# Collected data:
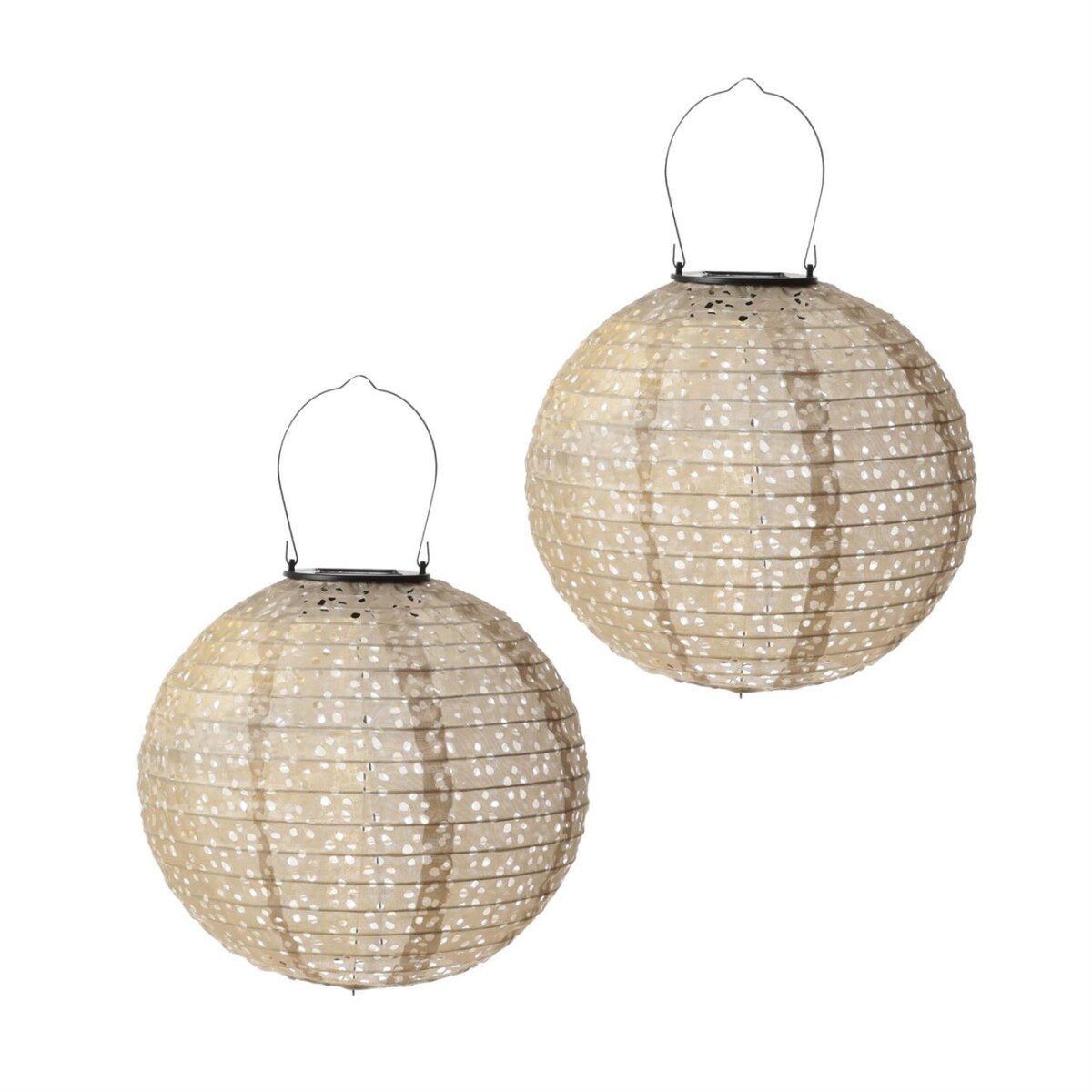 2er Set LED Solar Außen-Hängeleuchte, Lampion weiß, D 30 cm
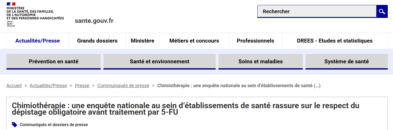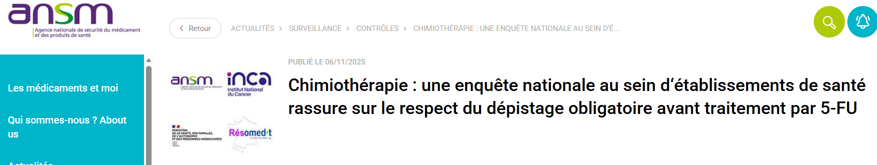 C’est pourquoi, depuis 2019, un dosage sanguin appelé uracilémie est obligatoire avant toute première prescription de 5-FU. Ce test permet de détecter un éventuel déficit en DPD qui aura pour conséquence d’adapter la posologie ou d’éviter l’administration de 5FU.
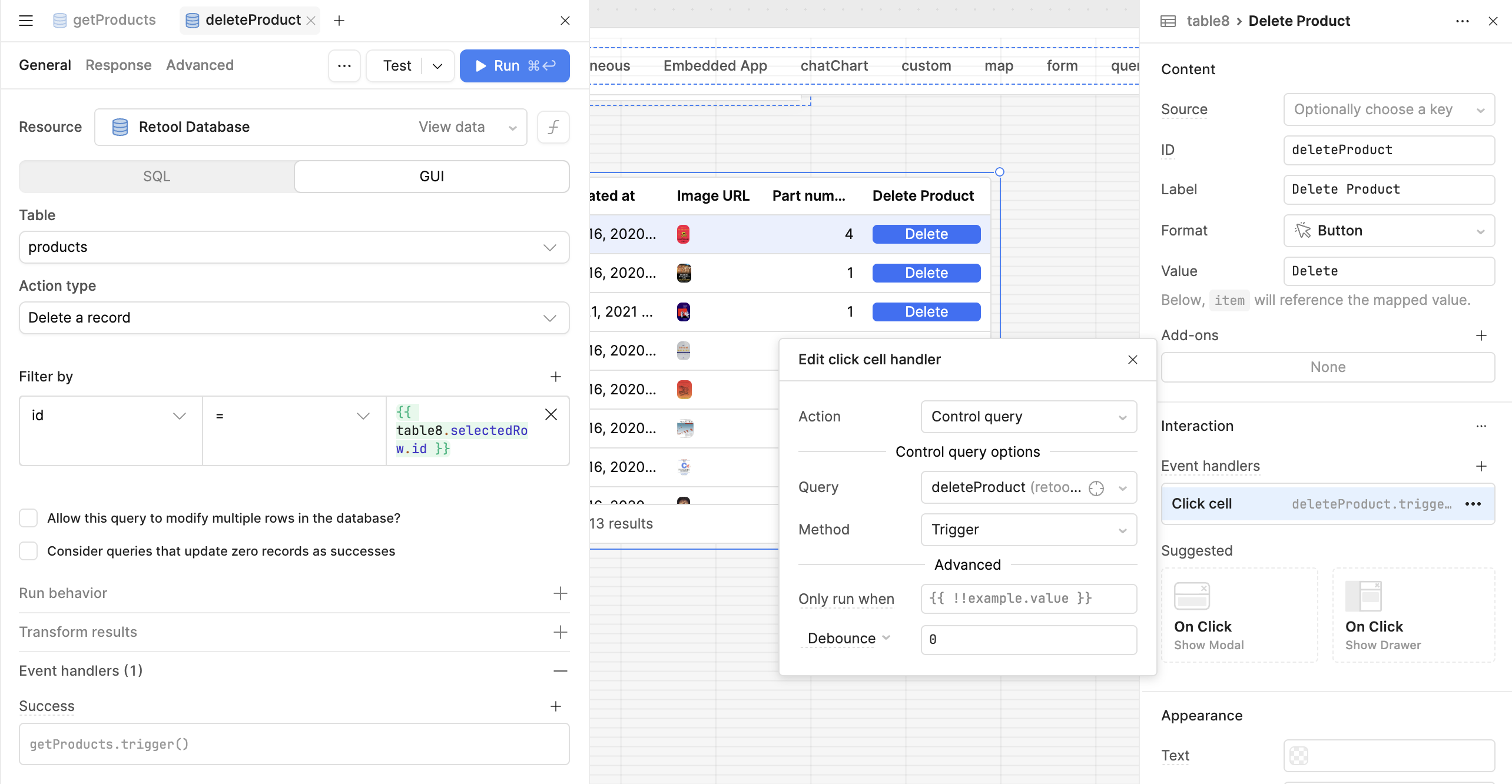 The delete query should look for {{ table1.selectedRow.id }} instead. Below is an example of how this might look:

# Assigned task:
Restate all of the material above word for word. Pictures do not belong in it.

# Reply to the task:
 2er Set LED Solar Außen-Hängeleuchte, Lampion weiß, D 30 cm
 C’est pourquoi, depuis 2019, un dosage sanguin appelé uracilémie est obligatoire avant toute première prescription de 5-FU. Ce test permet de détecter un éventuel déficit en DPD qui aura pour conséquence d’adapter la posologie ou d’éviter l’administration de 5FU.
 The delete query should look for {{ table1.selectedRow.id }} instead. Below is an example of how this might look:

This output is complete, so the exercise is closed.